1850s: The U.S. Wind Engine Company was established by John Burnham and Daniel Halladay. They build the Halladay Windmill which was designed for the West American landscape.

1887: In July 1887, the first windmill for electricity generation was built by Professor James Blyth in Glasgow, Scotland. Out of the three different turbine designs, the last design is said to have powered the Professor’s home for 25 years.

Towards the end of year, Professor Charles Brush developed a 12kW capacity wind turbine to charge 408 batteries stored in his mansion. The turbine was functional for 20 years and boasted a rotor diameter of 50m and 144 rotor blades.

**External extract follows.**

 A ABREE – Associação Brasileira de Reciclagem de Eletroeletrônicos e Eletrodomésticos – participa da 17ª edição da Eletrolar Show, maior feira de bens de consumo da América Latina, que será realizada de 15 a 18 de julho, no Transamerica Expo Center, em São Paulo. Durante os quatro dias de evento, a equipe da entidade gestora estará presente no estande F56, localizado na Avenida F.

1890s: Six million windmills were reportedly installed across America. Windmills started using steel blades which boosted efficiency. The Chicago World’s Fair presented 15 windmill companies and their turbine designs.

1900s

1920s: Wind turbines began to provide electricity to thousands of rural regions across the Great Plains

French inventor, Georges Jean Marie Darrieus developed a turbine called the ‘eggbeater’, which stood out for its slender vertical axis turbine

1927: Marcellus and Joe Jacobs establish the Jacobs Wind company. The firm produced wind turbine generators that were used on farms to power lighting and charge batteries.

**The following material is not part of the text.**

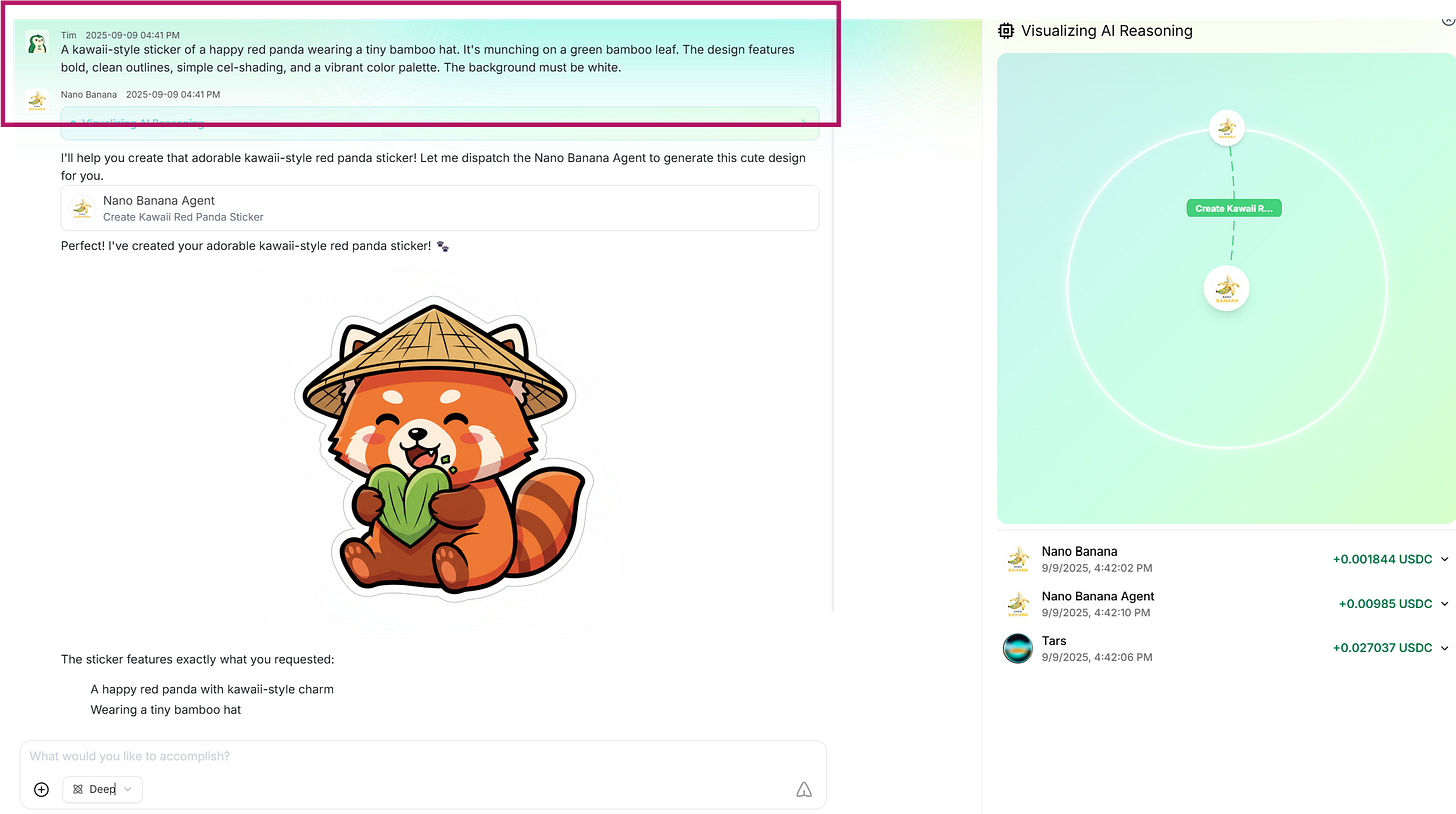 But agents can only be useful if they are accessible. That’s why our design philosophy goes beyond building individual agents. We focus on creating step-by-step user experiences, integrating external APIs, and turning expensive services into frictionless, pay-per-task utilities.

1931: Russia constructed the first commercial power plant that employed wind turbines to produce electricity

1941: In Vermont, the world’s first megawatt-size wind turbine started operations to combat fuel shortage

1950s: A majority of wind turbines in the U.S. are shut down due to disuse due to the advent of affordable fossile-fuelled stationary engines and widespread of rural electrification

1971: The first offshore wind farm in the world began operations off the coast of Denmark.

The drastic spike in oil prices causes great interest in the renewable energy sector in 1973.

1977: the United States Department of Energy (DOE) is formed. The National Renewable Energy Laboratory begins operations.

1980s

The government in the U.S. delivers tax credits for the use of renewable power

The first wind farm in the world is constructed at New Hampshire in the U.S. However, due to turbine break down and overestimation of wind as a resource, the project is deemed a failure.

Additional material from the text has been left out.